The task is to prove $24^{31}\equiv 23^{32}\pmod {19}$.
I'm trying to use Fermat's little Theorem and so far I only found that $24^{31}\equiv 19\pmod{19}$. Would proving that $17\mid23^{32}$ prove the congruence?

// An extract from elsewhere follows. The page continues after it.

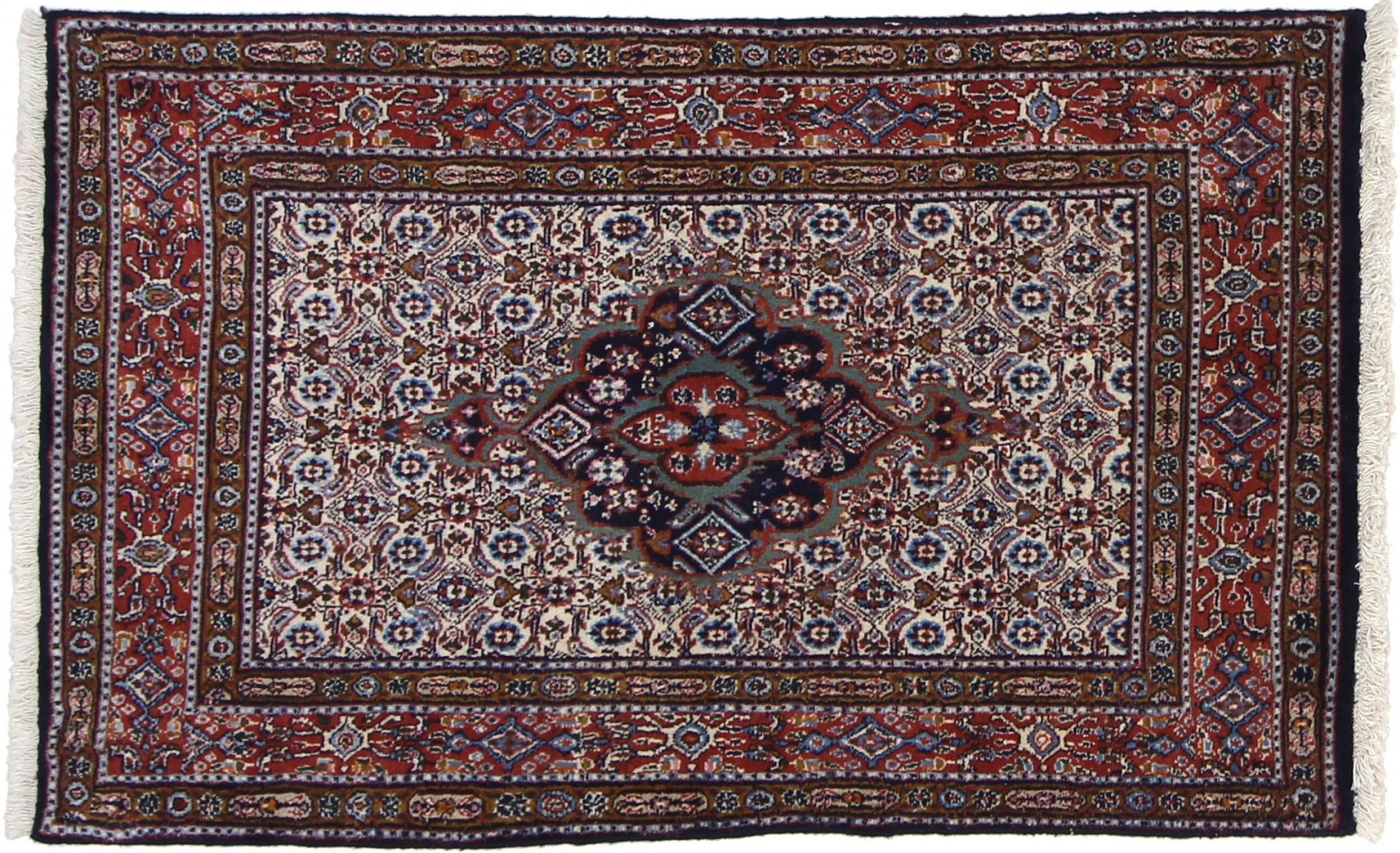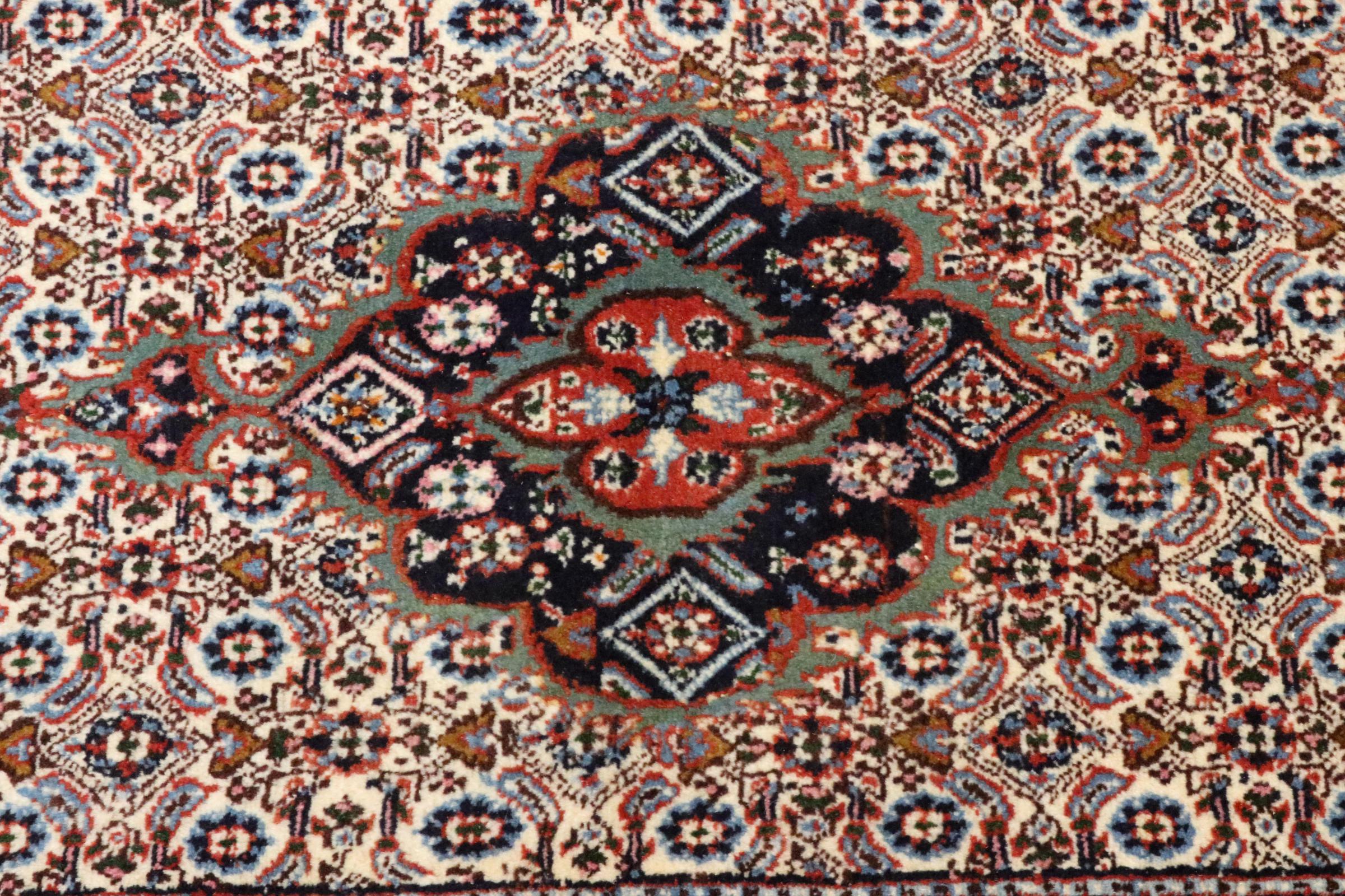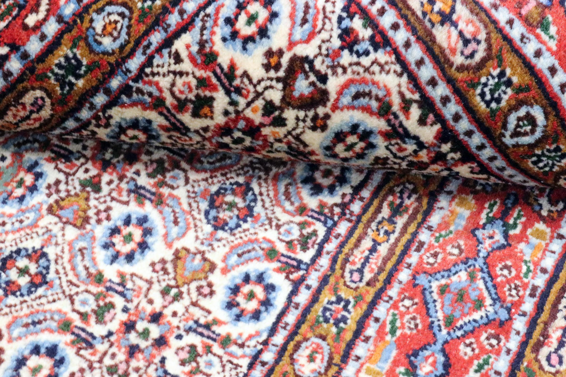 Este tapete de Moud, uma cidade situada 300 km a sul de Mashhad, impressiona à primeira vista. O padrão típico Herati ou desenho de jardim é apreciado por conhecedores e amantes de tapetes persas genuínos. Se procura um tapete feito à mão de excelente qualidade com um design muito distinto e caraterístico, está absolutamente certo com este tipo de tapete.

We also know that $24^{18} \equiv 1\pmod {19}$ but I don't think that's any help.
On
$$23^{32} = {{23^2}^2}^2 * {{23^2}^2}^2 \pmod {19}$$ $$23^2 = 529 \equiv 16 \pmod {19}$$ $$(16 \pmod {19})^2 \equiv 9 \pmod {19}$$ $$(9 \pmod {19})^2 \equiv 6 \pmod {19}$$ $$6 \pmod {19} * 6 \pmod {19} \equiv 17$$
So $23^{32} \equiv (17 \pmod {19})$
A similar method will deduce that $24^{31}$ is equivalent to $(17 \pmod {19})$
Note: $a \pmod b * a \pmod b = a^2 \pmod b$
On
As $\displaystyle24\equiv5\pmod{19},23\equiv4$ and $31\equiv13\pmod{\phi(19)}$
the problem immediately reduces to $$5^{13}\equiv4^{14}\pmod{19}$$
Now $\displaystyle4=2^2,4^{14}=2^{28}\equiv2^{10}\pmod{19}$
Again, $\displaystyle2^5=32\equiv-6\pmod{19}\implies2^{10}\equiv(-6)^2\equiv-2\ \ \ \ (1)$
$\displaystyle5^3=125\equiv-8\pmod{19} \implies5^6\equiv(-8)^2\equiv7\implies5^{12}\equiv7^2\equiv-8$
$\displaystyle5^{13}\equiv5\cdot(-8)\pmod{19}\equiv-2\ \ \ \ (2)$
Compare $(1),(2)$
On
There is usually a way to do this kind of thing with a small amount of calculation - though it may be quite hard to find the "easy" way!
By Fermat we have $2^{18}\equiv1\pmod{19}$; you can also check without too much trouble that $2^9\equiv-1\pmod{19}$; then we have $$24^{31}\equiv24^{13}\equiv8^{13}3^{13}\equiv8^{13}(-16)^{13}\equiv-2^{91}\equiv-2$$ and $$23^{32}\equiv23^{14}\equiv4^{14}\equiv2^{28}\equiv2^{10}\equiv-2\ .$$
In order to prove $a \equiv b$ mod $c$ we must show that $c|b-a$, i.e., here we need to show that $24^{31}-23^{32}$ is divisible by $19$. Observe that $24^{31}\equiv 17$ mod $19$ and $23^{32}\equiv 17$ mod $19$. Now if $l=aq+r$ and $m=ap+r$ then $l-m=a(q-p)$ which is divisible by $a$.